Scrape the batter into your tin and level the top by tapping on the work surface. Place into your pre heated oven for 25 minutes. The sponge will be ready when golden in colour, firm to the touch and when a skewer is poked in the middle it comes out clean. Leave to cool then turn out onto a cooling rack.
For the buttercream icing add the soft butter and a third of the icing sugar to a bowl or your stand mixer and beat until smooth. Add the vanilla extract then add the next third of icing sugar and beat again. Add the final quantity of icing sugar, give it one final beat then add a splash or two of milk, mixing again, to create a smooth, pipeable texture.

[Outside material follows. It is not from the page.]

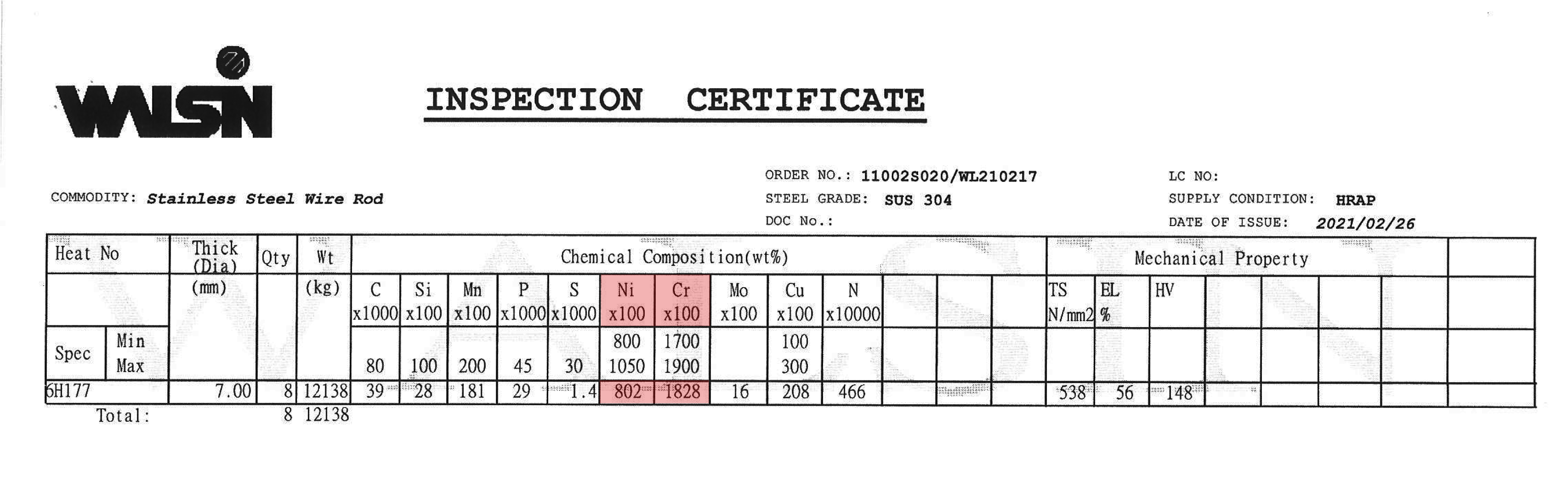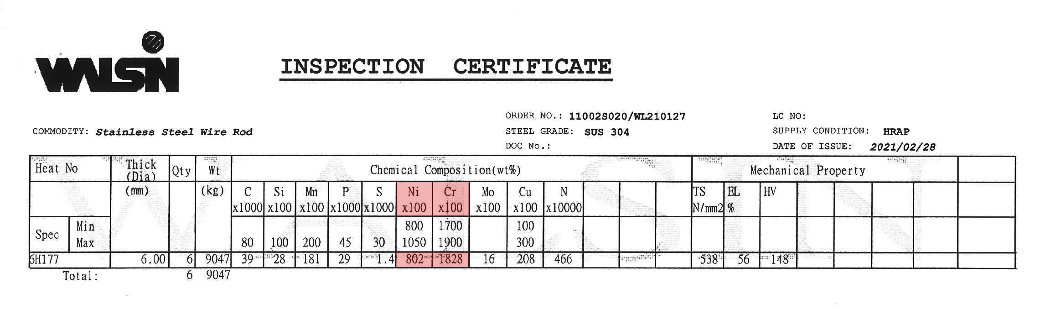 2021 年 2 月份購入材料, 2021 年 3 月生產,不鏽鋼材質證明

To assemble the cake jars, using a cutter slightly smaller than the base of your jam jar, cut out circles of sponge cake. Place one in bottom of your jar, dollop on a teaspoon of the jam of your choice. Pipe or spoon on a generous swirl of buttercream then repeat with as many layers as you can fit in your jar. Finish with a final topping of buttercream then sprinkle with the topping of your choice. Pop on a lid, tie on a bow and gift with a wooden spoon for easy devouring.
Your cake jars will keep in the fridge for 2 to 3 days, if you want to get ahead of the game.